Now, one year later, the company is back with a sequel, but can lightning strike twice? Join us as we find out in our Poco F4 GT review.
What you need to know about the Poco F4 GT
- Poco F4 GT (8GB/128GB): €599
- Poco F4 GT (12GB/256GB): £699 / €699
The Poco F4 GT is a gaming smartphone through and through, with its standout feature being a pair of retractable shoulder keys. There’s more to the phone than this trick though, as it’s also got a Snapdragon 8 Gen 1 flagship processor and 120W wired charging capabilities.
For what it’s worth, the Poco F4 GT is actually a rebranded version of the China-only Redmi K50 Gaming. This shouldn’t be a surprise, as last year’s Poco F3 GT was a rebranded Redmi K40 Gaming.
The smartphone is available in Europe, coming in Cyber Yellow, Stealth Black, and Knight Silver colorways. You can also choose between 8GB/128GB and 12GB/256GB variants.
It’s no surprise to hear that the Poco F4 GT is equipped with the Snapdragon 8 Gen 1 SoC given its positioning as a gaming phone. Benchmarks like Geekbench, 3DMark, and GFXBench show that the phone is generally in line with the Galaxy S22 Ultra, although the phone did get very hot after several Geekbench tests. So what about real-world performance, then?

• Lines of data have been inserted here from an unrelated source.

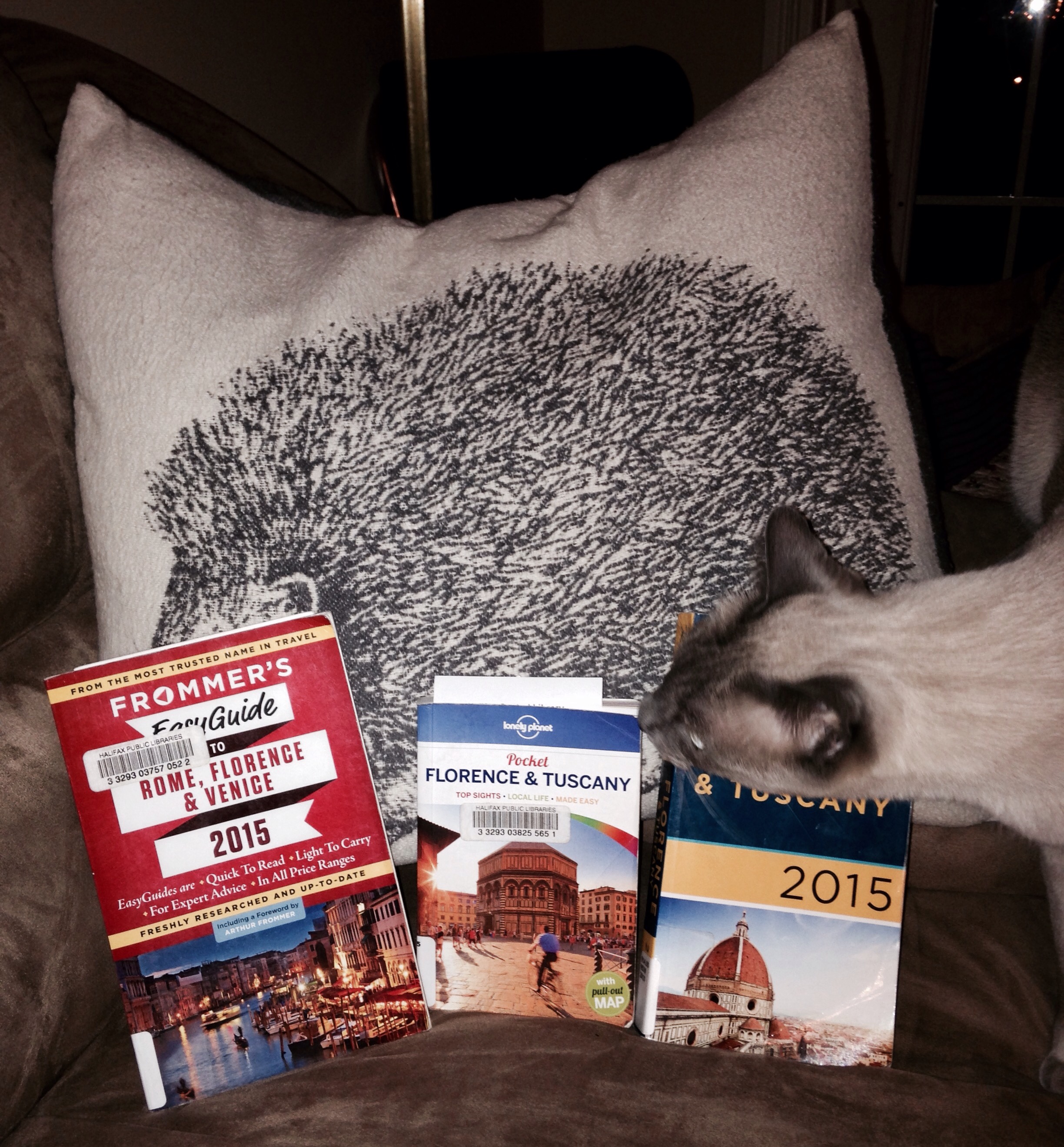 Even Gershwin the Siamese kitty wants to explore the wonders of Tuscany. I don’t have to return them until early July and if I want to I can always renew one or all of them. All for the very low cost of $0.00. At one point in time I would have gone to a book store and just bought a book or possibly two which most likely would have put me out $40.00.
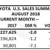 Toyota Motor North America (TMNA) today reported August 2018 sales of 223,055 u...
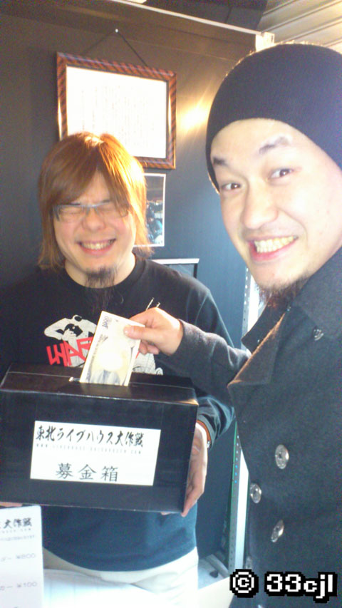 終盤、翌日が東京ライブのため前ノリしてきたlocofrankもやって来てアゴを出しながら募金に協力してくれたり
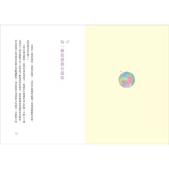 這一本《情感的溫度》,是以溫度來象徵每一個人內在情感的變化。例如:感覺到憤怒時身體會炙熱發燙、憂鬱的時候內心則會有熱情冷卻後的凍結,或是感受到幸福時,內心會感覺到溫暖。
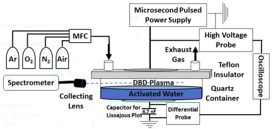 Figure 1 shows a schematic diagram of the experimental setup for a plasma-water system. A quartz container with an internal diameter of 139 mm and a height of 12 mm, including the distilled water with two parallel stainless electrodes (diameter of 90 mm) and a quartz plate (thickness of 1 mm) as a dielectric layer sustains a DBD over the water surface. A pulse DC power controller (SPIK 2000 A, Shenchang Electric Co. Ltd., Taipei, Taiwan) drives a bipolar waveform with a frequency of 20 kHz. Then the generated waveform goes up to the value of 12 kV using a high-voltage step-up transformer to produce DBDs over the water surface. By adjusting on-time and off-time, which were selected to be 5 µs and 20 µs, the duty cycle was 0.2. The container was filled with 80 mL of distilled water so that the gap distance between the water interface and the quartz plate was 2 mm. The Teflon insulator covered the upper electrode where two ports exist for the gas inlet and outlet. Air, nitrogen, oxygen, and argon as gas feedings were selected to be injected individually. The flow rate during the experiment was fixed to be 2 slm (standard liters per minute) using mass flow controller (MFC). The plasma treatment time was selected to be 2, 4, 6, 8, 10, and 12 min.
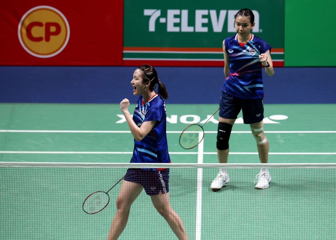 Bước vào trận đôi nữ đầu tiên, cặp "tạm ghép" Supissara Paewsampran – Benyapa Aimsaard đã thi đấu xuất sắc trước Rachel Alessia Rose – Febby Setianingrum. Dù bị Indonesia kéo vào thế giằng co căng thẳng, đôi nữ Thái Lan vẫn giành chiến thắng nghẹt thở 2-1 với các tỉ số 21-18, 11-21, 21-18, qua đó gỡ hòa 1-1 và giúp đội tuyển giải tỏa áp lực.
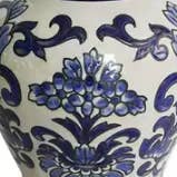 Imagine the perfect centerpiece: a perfectly manicured sphere of preserved boxwood foliage, boasting a lush, emerald hue that never fades. Nestled within a hand-painted ceramic pot adorned with intricate blue and white designs, this topiary tree brings a symphony of color and texture to your space. The hand-crafted ceramic pot elevates the entire piece. Each pot is uniquely adorned with delicate floral patterns, adding a touch of artisanal charm. More than just a centerpiece, this preserved boxwood topiary tree makes a thoughtful gift. Small - approx 5.1" x 5.1" x 11" Medium- approx 6.7" x 6.7" x 15.7" - pot size: 6.75" x 6.75"x 4.75 Large- approx 8.3" x 8.3" x 18.9" - pot size: 7.5" x 7.5" x 4.75" Our preserved boxwoods can be used in indoors & covered outdoor areas. We highly suggest to keep our preserved boxwood items indoors when not in use. Please avoid direct sunlight and extreme heat. Lightly mist every 1-2 months for best appearances & avoid over-saturating preserved leaves.
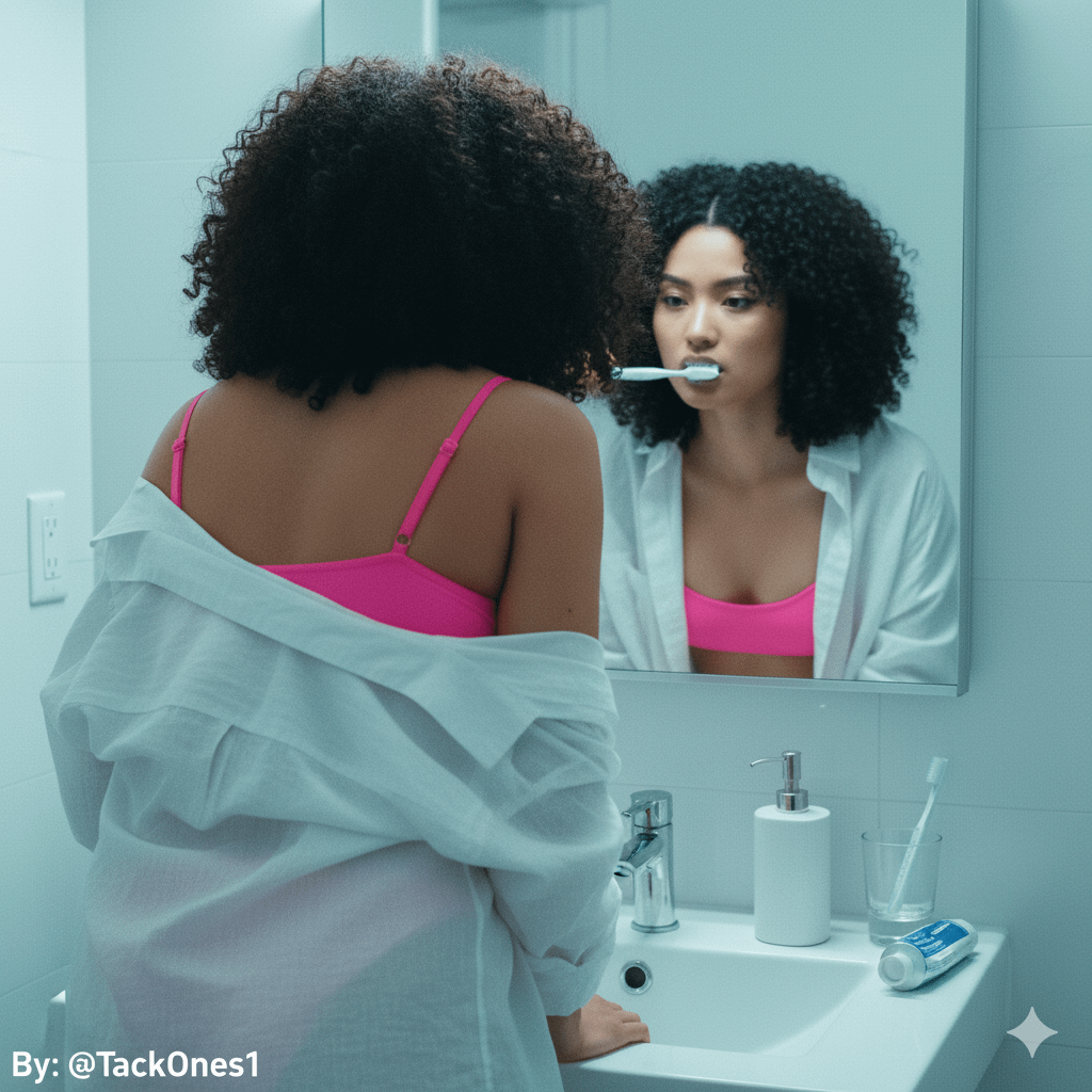Generate an image with my photo, Don't change my face or my features, make it look real and natural, my photo integrates naturally into the environment that I describe below: The image, with a general bluish or cyan tone, focuses on the back of a woman who is leaning towards a bathroom sink, with her back to the viewer. She wears a loose-fitting white shirt that reveals a bright pink two-piece swimsuit underneath. In the background, a rectangular mirror reflects the woman's face and upper body. In the reflection, she is seen brushing her teeth, with a brush in her mouth and a diffuse expression of concentration. The light appears to come from a front or overhead source, creating a backlighting effect on the foreground figure and clearer illumination in the reflection. A soap or lotion dispenser and a toothbrush can be seen on the edge of the sink. The composition of the image is voyeuristic and intimate, capturing an everyday and personal moment in a bathroom. The focus is sharply on the woman's backside, while the reflection in the mirror, although blurry, provides context about the activity she is engaging in. Cold tones predominate in the color palette, giving the image a slightly melancholic or calm atmosphere. The image suggests a private moment captured, with an interest in the shape of the female body and daily routine.
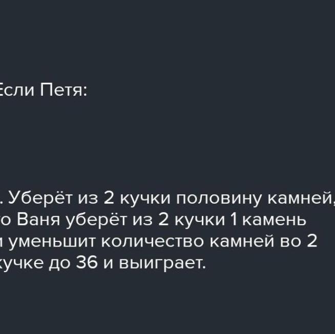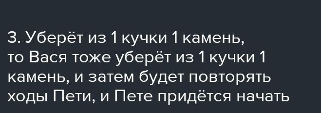 последний камень из последней кучи, считается победителем. Петя, который ходит
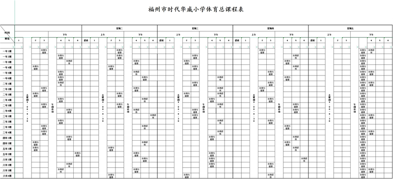 根据《福州市教育局关于进一步加强全市中小学体育“四项管理”的通知》(榕教综〔2024]3号)要求,为进一步做好我校体育教育教学,推动我校体育工作向更高质量发展,现将福州市时代华威小学2023-2024学年第二学期体育与健康、体育锻炼课表公示如下:
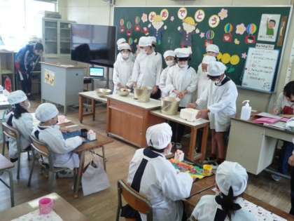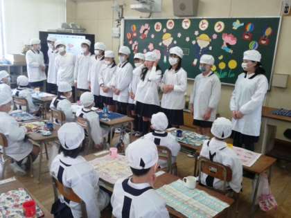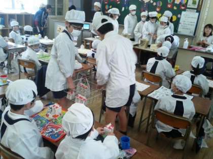 昨日から6年生が1年生の給食のお手伝いに行ってくれています。
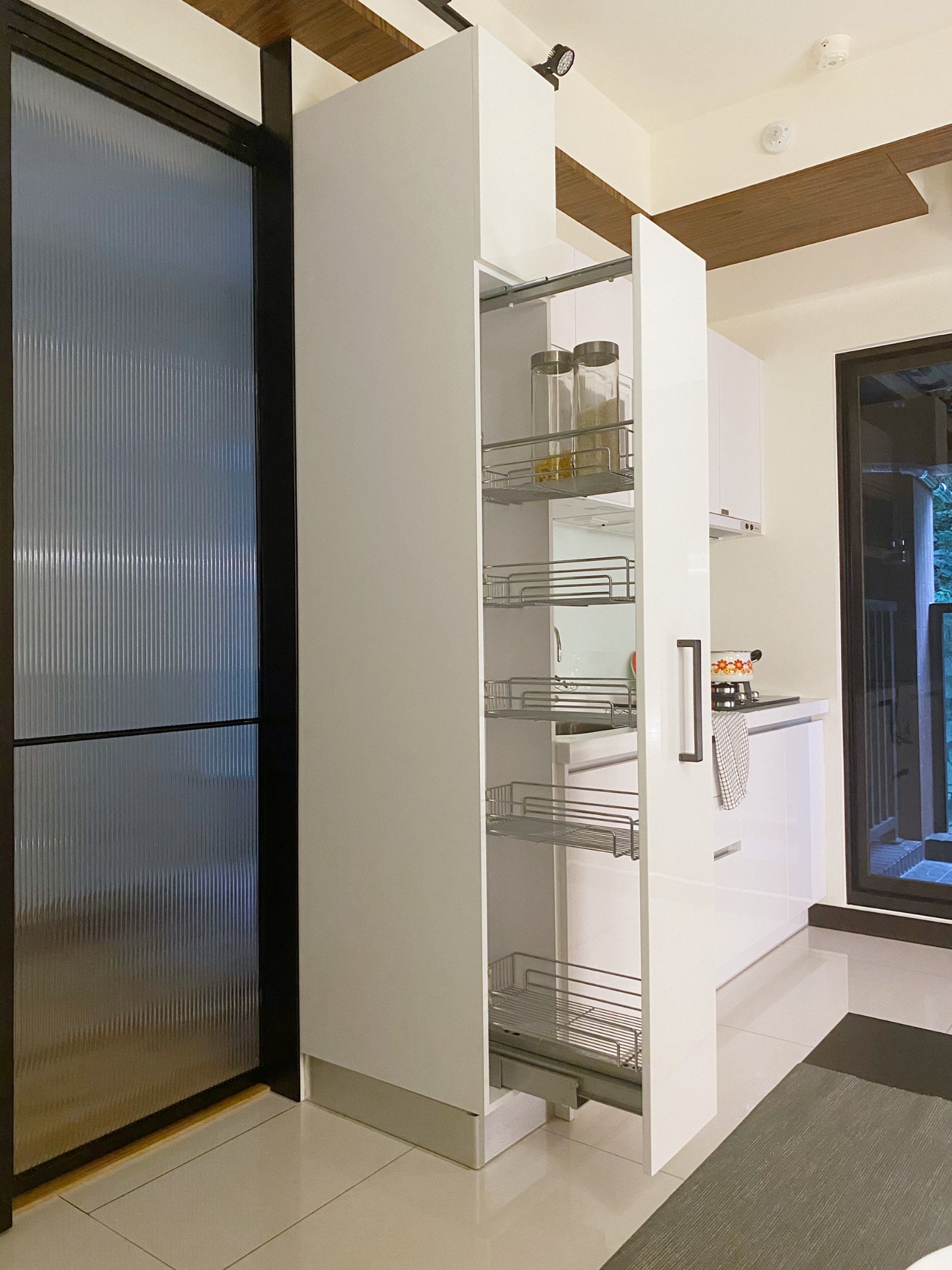 廚房以白色打造清爽的印象,具有緩衝配件的側拉櫃體,在使用上相當輕鬆順暢▲
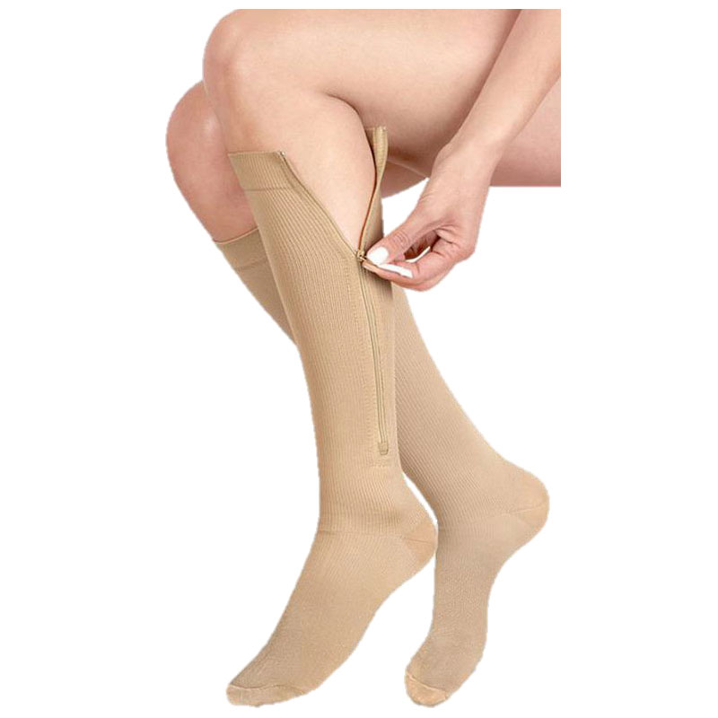 Las medias de compresión mediana con cierre o cremallera Zipper Socks previenen las venas várices y estimulan el descanso en las piernas ayudando a controlas las telangiectasias o arañitas..
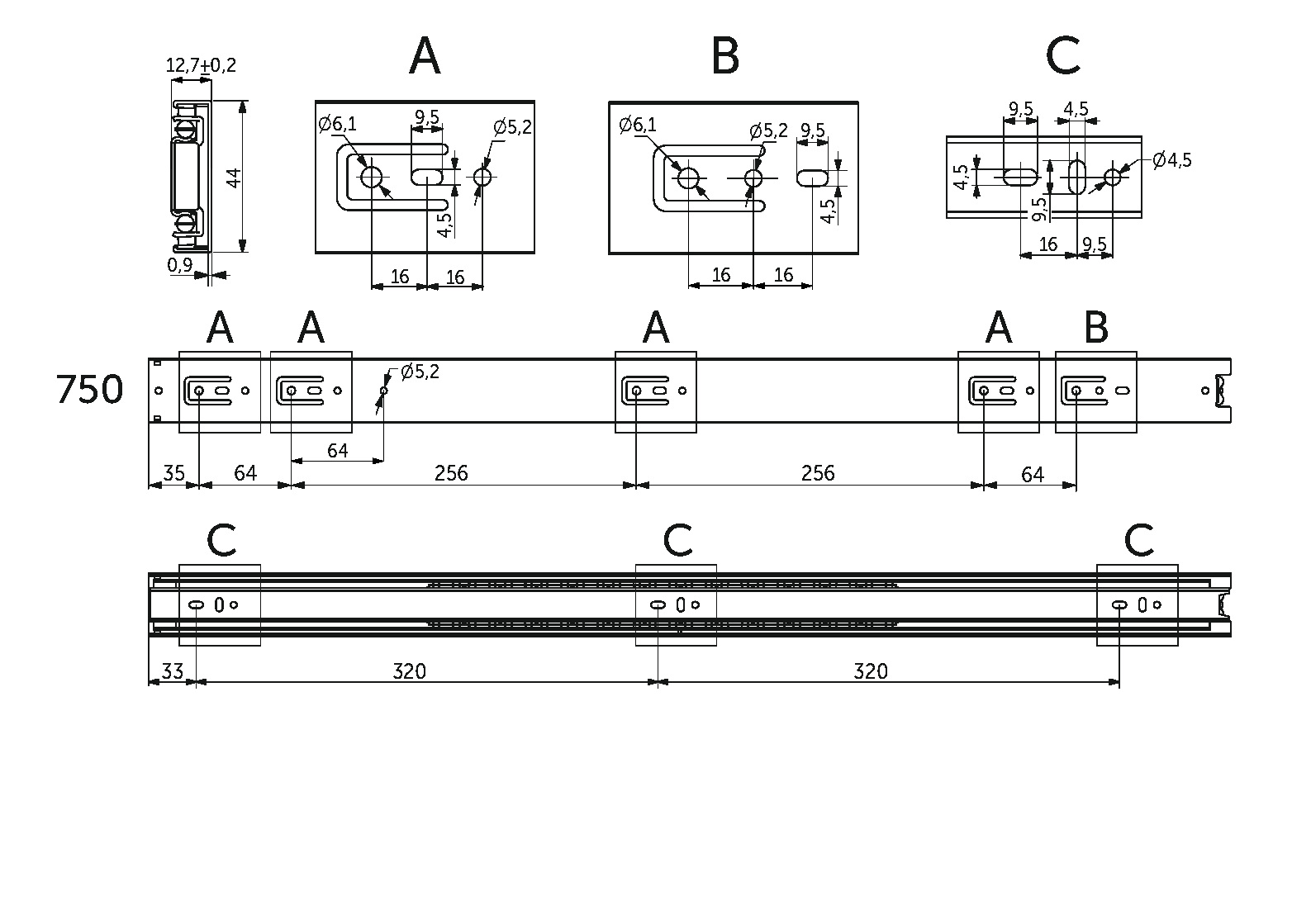 Классическая направляющая с шарикоподшипниковым механизмом и телескопической структурой, обеспечивает полное выдвижение. Высота 45 мм ( бренд AKS LIGHT в 42 мм высоте). Нагрузки от 20 до 35 кг в зависимости от бренда. Изготовлена из холоднокатаной стали. Доступный размерный ряд от 250 до 750 мм. Резиновый фиксатор от самопроизвольного открытия.
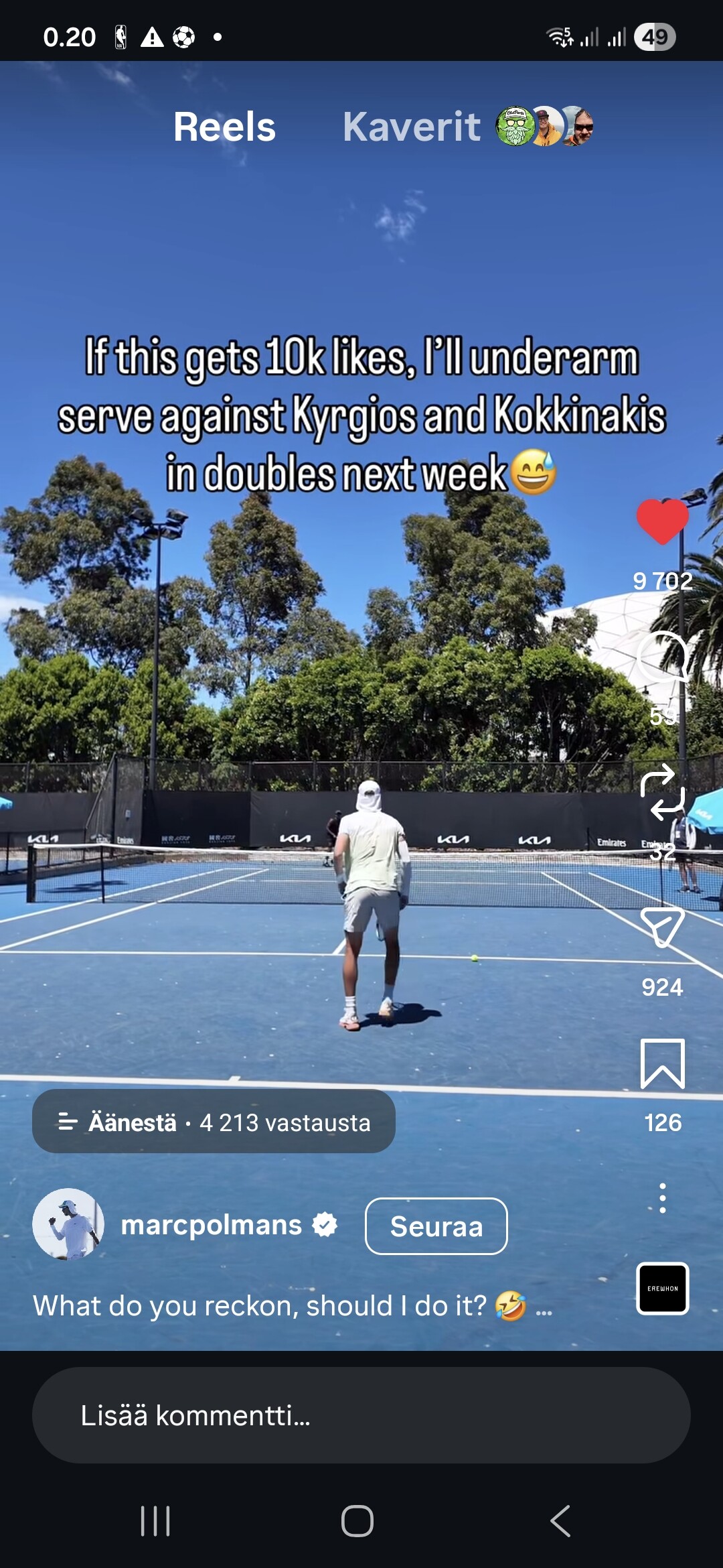 Tämä. Ja jännät matsit näytettiin loppuun asti mielenkiintoisista asetelmista, vaikka pääkentälle olisi ollut astelemassa joku top5 pelaaja.

We saw brisk performance while launching apps, using the camera, and multitasking, so you should have no problem with basic tasks. Actual gaming performance was very snappy too, as Genshin Impact, PUBG, World of Tanks Blitz, and Call of Duty Mobile all delivered a smooth experience. The phone got warm but never hot while gaming, while performance itself didn’t take a perceptible dip over extended play sessions.
Speaking of gaming, the Poco F4 GT’s shoulder triggers are really fun additions. These aren’t new, previously debuting on the Poco F3 GT, but we’re still happy to see physical buttons on a gaming phone. These deliver digital feedback (i.e. either pressed or not) unlike analog triggers which have various levels of movement, but it beats capacitive shoulder buttons.
You can also map these triggers to on-screen virtual buttons via the Game Turbo side menu, coming in handy for PUBG, emulators, and other games. I still wish we got a gaming phone with an Xperia Play-style slide-out gamepad (featuring physical buttons) but the Poco F4 GT is a step above conventional phones nonetheless.
Plenty of horsepower and physical shoulder triggers are great additions, but any decent gaming phone needs a quality screen. Fortunately, the Poco F4 GT brings a solid display to the table. The 6.67-inch FHD+ 120Hz OLED panel isn’t anything special for the flagship market as Xiaomi’s own Redmi Note phones bring similar screens for under €400. But it’s still a good balance of resolution, refresh rate, and battery life.
We’re also glad to see several options for the refresh rate here, namely adaptive and custom. The latter thankfully allows you to force the refresh rate to either 60Hz or 120Hz. The adaptive refresh rate, on the other hand, only switches between 60Hz and 120Hz rather than dropping even further for photos and reading. It’s a real missed opportunity for better endurance.
More reading: The best phones for gaming you can buy right now
Speaking of endurance, the Poco phone is powered by a 4,700mAh battery that’s just over 300mAh smaller than the F3 GT’s capacity. This equates to around six hours of screen-on time for demanding days (i.e. mostly gaming), which isn’t the best around but isn’t bad either.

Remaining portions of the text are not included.